ABOUT THIS TASK. When you reach the line that contains "Sleeping up to", set down that line and every one after it through the end of the records, exactly as written and with no pictures.

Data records
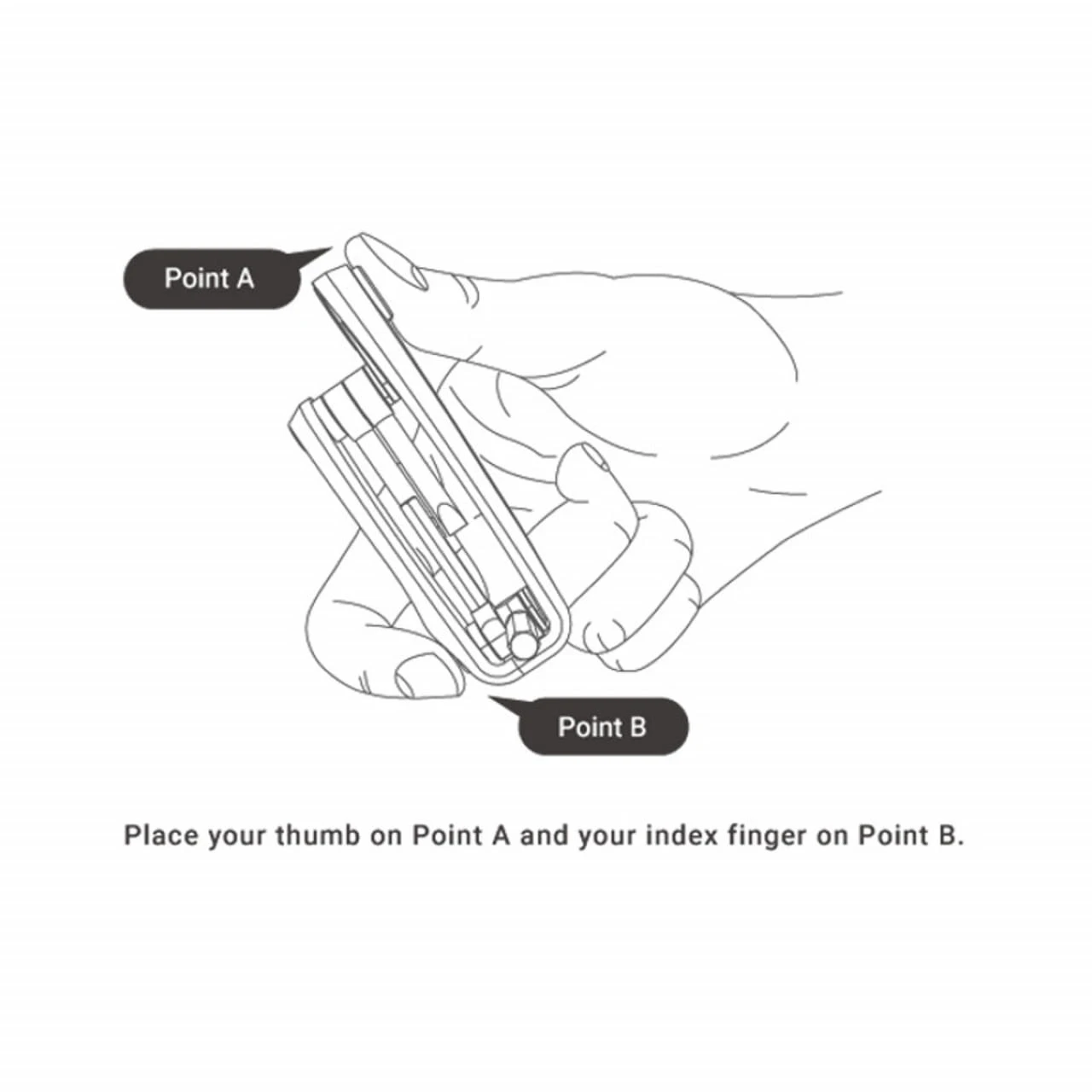 Dieses minimalistische Werkzeug ist preisgekrönt und hochwertig. Das Anzugsmoment wird durch ein Nachgeben des Knopfes signalisiert, wenn die Inbusschlüssel genutzt werden, wie auf der Abbildung gezeigt. Wahlweise kann auch der T25 Einsatz mit Drehmoment genutzt werden, dazu muss das Werkzeug umgebaut werden.
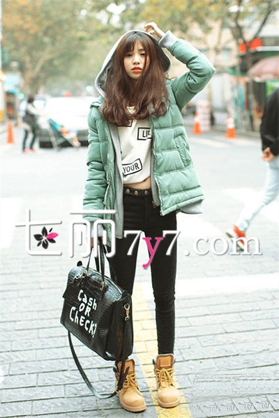 简单大方设计的绿色短款棉服,有着非常典型的时尚休闲风,让女生清新又减龄,内搭白色短款上衣,下穿黑色紧身裤,将身材比例衬托的很修长,完美穿出了女生视觉上的新“高度”。
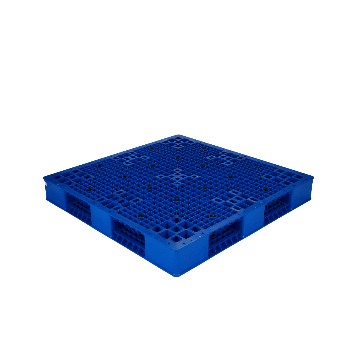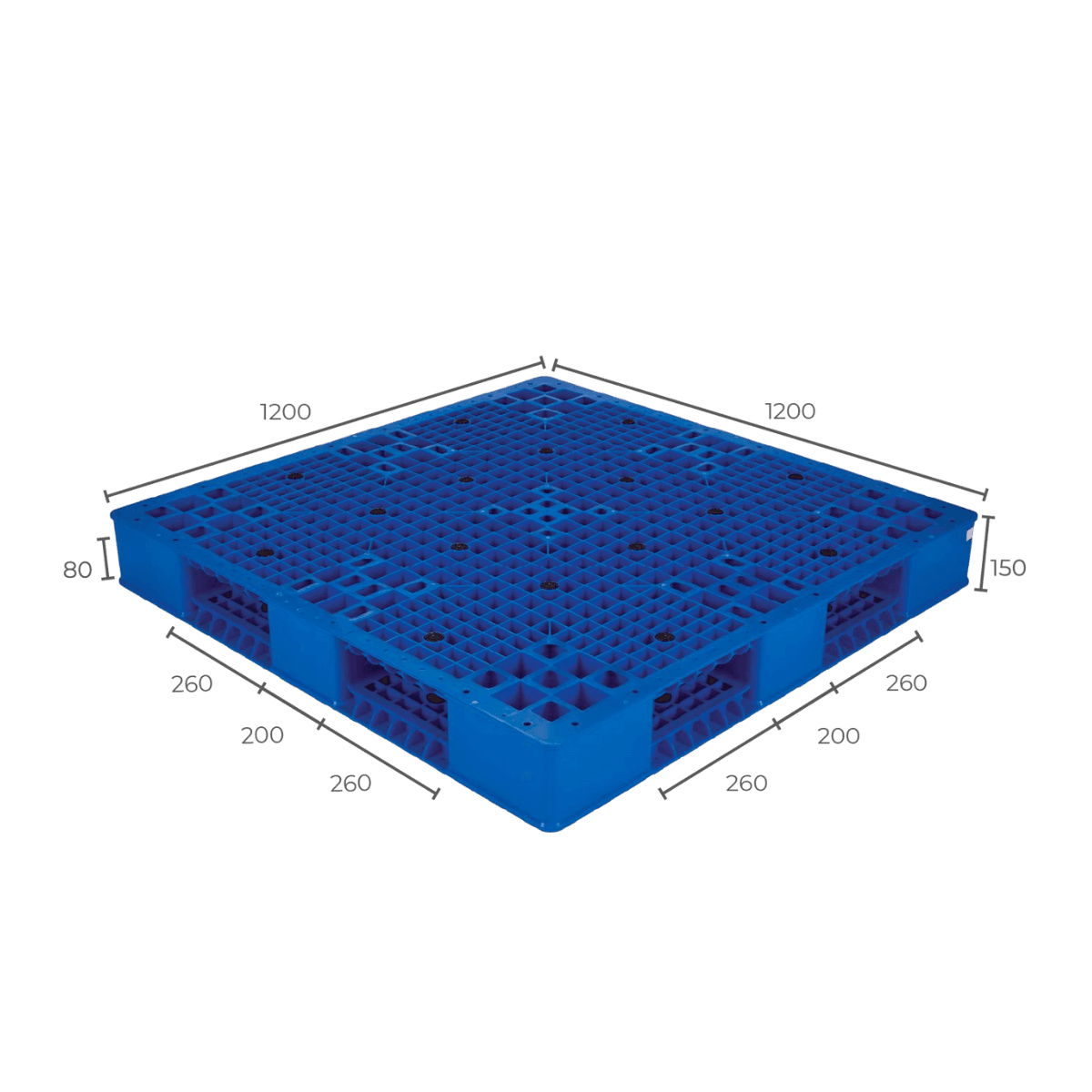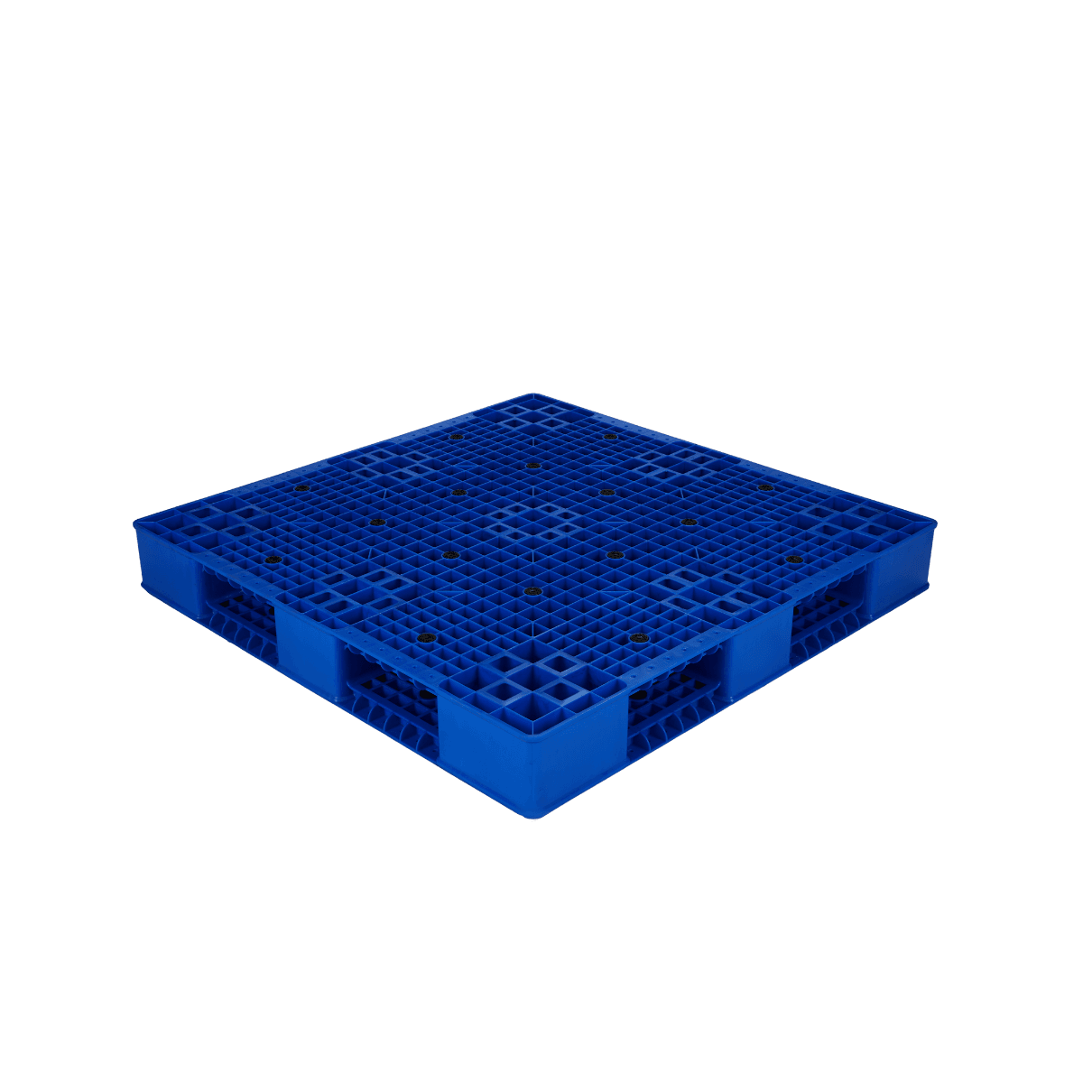 Pallet PL20 – LK là pallet liền khối sử dụng 2 mặt, chịu tải trọng cao, có nút chống trượt ở cả 2 mặt.
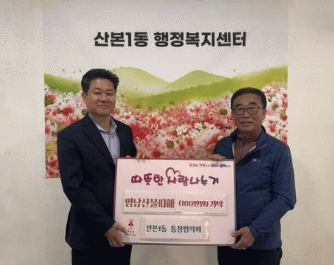 [NWS¹æ¼Û=Çѽ¸ñ ±âÀÚ]±ºÆ÷½Ã »êº»1µ¿ ÅëÀåÇùÀÇȸ´Â Áö³­ 11ÀÏ ¿µ³²Áö¿ª ´ëÇü »êºÒ ÇÇÇØ º¹±¸È°µ¿ Áö¿øÀ» À§ÇÑ ¼º±Ý 100¸¸¿øÀ» ±âºÎÇß´Ù. À̹ø ¼º±ÝÀº ÀÌÀç¹Îµé¿¡°Ô ´õ ÀÌ»ó ÇÇÇØ°¡ ¹ß»ýÇÏÁö ¾Ê°í ÇϷ绡¸® ÀÏ»óÀ¸·Î µ¹¾Æ°¡±æ ¹Ù¶ó´Â ¸¶¡¦
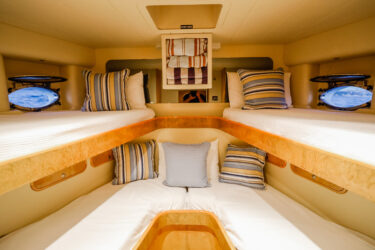 Sleeping up to 8 guests overnight across four beautifully appointed cabins, CHAOS includes a luxurious full-beam master suite on the main deck, complete with a generous ensuite and wardrobe. The lower deck accommodates two VIP queen cabins and a twin cabin with an additional Pullman berth, ideal for families or groups with children.
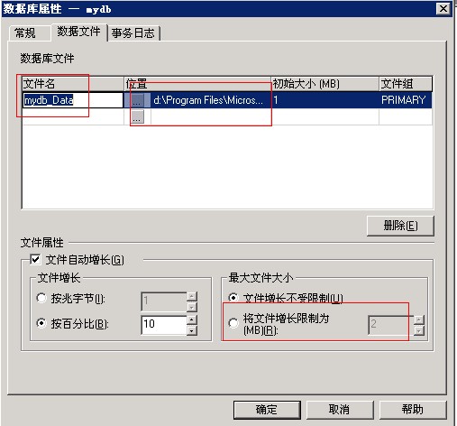 2)數據庫屬性對話框中,在常規選項卡中輸入數據庫名,然后在數據文件和日志文件中指定名稱和保存位置(建議把數據庫放在D盤),還可以指定數據庫的最大限額。
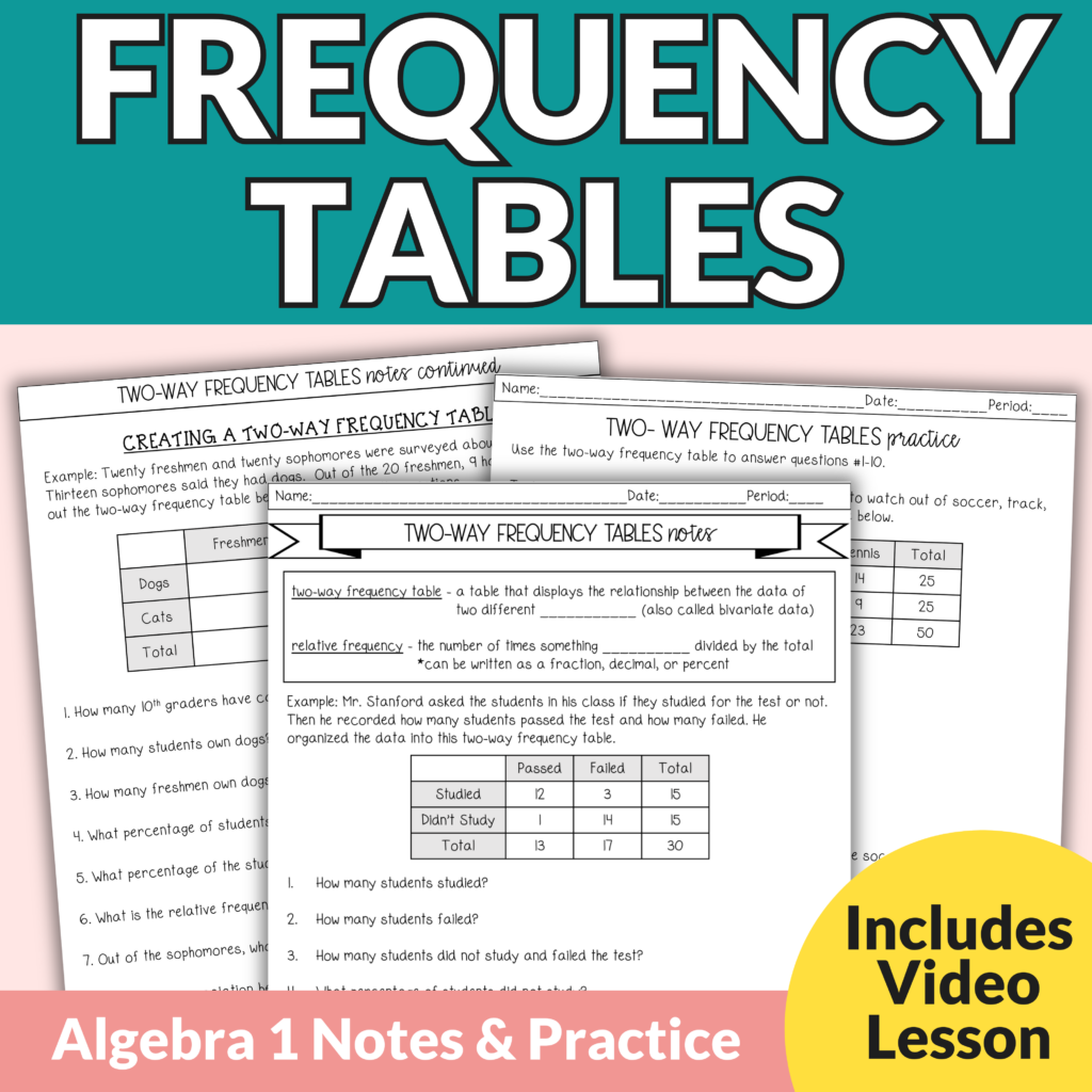 Two-Way Frequency Tables Guided Notes and Worksheets | 7th-10th Grade Algebra
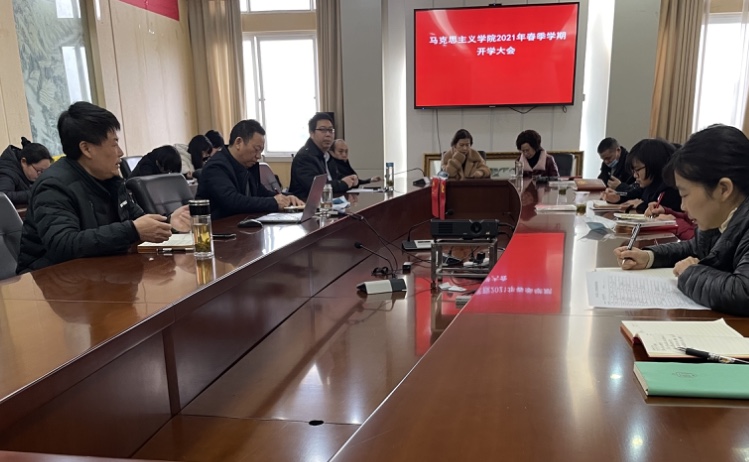 本网讯 2月28日,马克思主义学院在学院会议室召开2021年春季学期开学工作大会,传达学校开学工作会议精神以及招生就业工作会议安排,部署相关工作。院长徐铜柱主持会议,我院全体教职工参加。

RESULT OF THIS EXERCISE.
 Sleeping up to 8 guests overnight across four beautifully appointed cabins, CHAOS includes a luxurious full-beam master suite on the main deck, complete with a generous ensuite and wardrobe. The lower deck accommodates two VIP queen cabins and a twin cabin with an additional Pullman berth, ideal for families or groups with children.
 2)數據庫屬性對話框中,在常規選項卡中輸入數據庫名,然后在數據文件和日志文件中指定名稱和保存位置(建議把數據庫放在D盤),還可以指定數據庫的最大限額。
 Two-Way Frequency Tables Guided Notes and Worksheets | 7th-10th Grade Algebra
 本网讯 2月28日,马克思主义学院在学院会议室召开2021年春季学期开学工作大会,传达学校开学工作会议精神以及招生就业工作会议安排,部署相关工作。院长徐铜柱主持会议,我院全体教职工参加。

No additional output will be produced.